Finalmente joguei a Fita 2 (Rage) de Lost Records, meus amigos. E o que o título deste texto já adianta é: o doce da nostalgia deixou um gostinho amargo na minha boca.

Mas vamos por partes.

⚠️ Atenção: daqui pra baixo é uma mina de spoilers do game. Se você ainda não jogou e prefere evitar revelações sobre a trama, pare agora meixmo.

A Fita 1 (Bloom) termina com a revelação de que a Kat tem leucemia em estágio terminal. O que não é só um ponto de virada emocional, mas o gatilho que coloca à prova as costuras da amizade entre as quatro meninas.

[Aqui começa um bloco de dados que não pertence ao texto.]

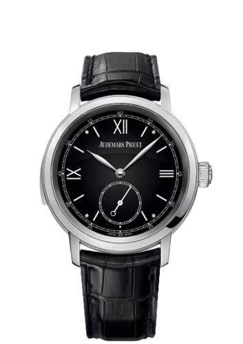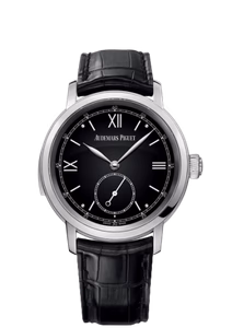 The Audemars Piguet Jules Audemars 26590PT.OO.D002CR.01 was introduced at SIHH 2016. Its movement and case construction together form a 'Supersonnerie' construction, enhancing the sound of the minute repeater. For this reference, the case is done in platinum and paired with a black enamel dial.

Na real, foi como imaginei depois de jogar a fita anterior: se em Bloom foi um crescimento emocional positivo, em Rage seria o momento em que as inseguranças retornam. Enquanto na Fita 1 o vínculo entre elas parecia sólido, juvenil e quase indestrutível, aqui ele começa a revelar algumas rachaduras que vêm do medo, da culpa e, um pouco, da incapacidade de lidar com a dor das pessoas.

Swann, como sempre, ocupa uma posição quase instintiva de mediação. Mas dessa vez o peso que ela carrega é mais denso. Saber da doença de Kat muda a maneira como ela observa e reage ao grupo. Há uma urgência nova nos seus gestos, um cuidado redobrado e, ao mesmo tempo, um afastamento sutil, como se ela própria ainda estivesse tentando digerir tudo antes de saber como agir.

Pelo menos na minha gameplay, essa mudança afetou muito mais intensamente a dinâmica com a Autumn. Ela oscila entre o colapso iminente diante da situação e a tentativa de manter uma fachada, e é nesse ponto que o jogo oferece uma das sequências mais marcantes da Fita 2: quando Autumn tem um ataque de pânico e Swann precisa trazê-la de volta pro chão da realidade.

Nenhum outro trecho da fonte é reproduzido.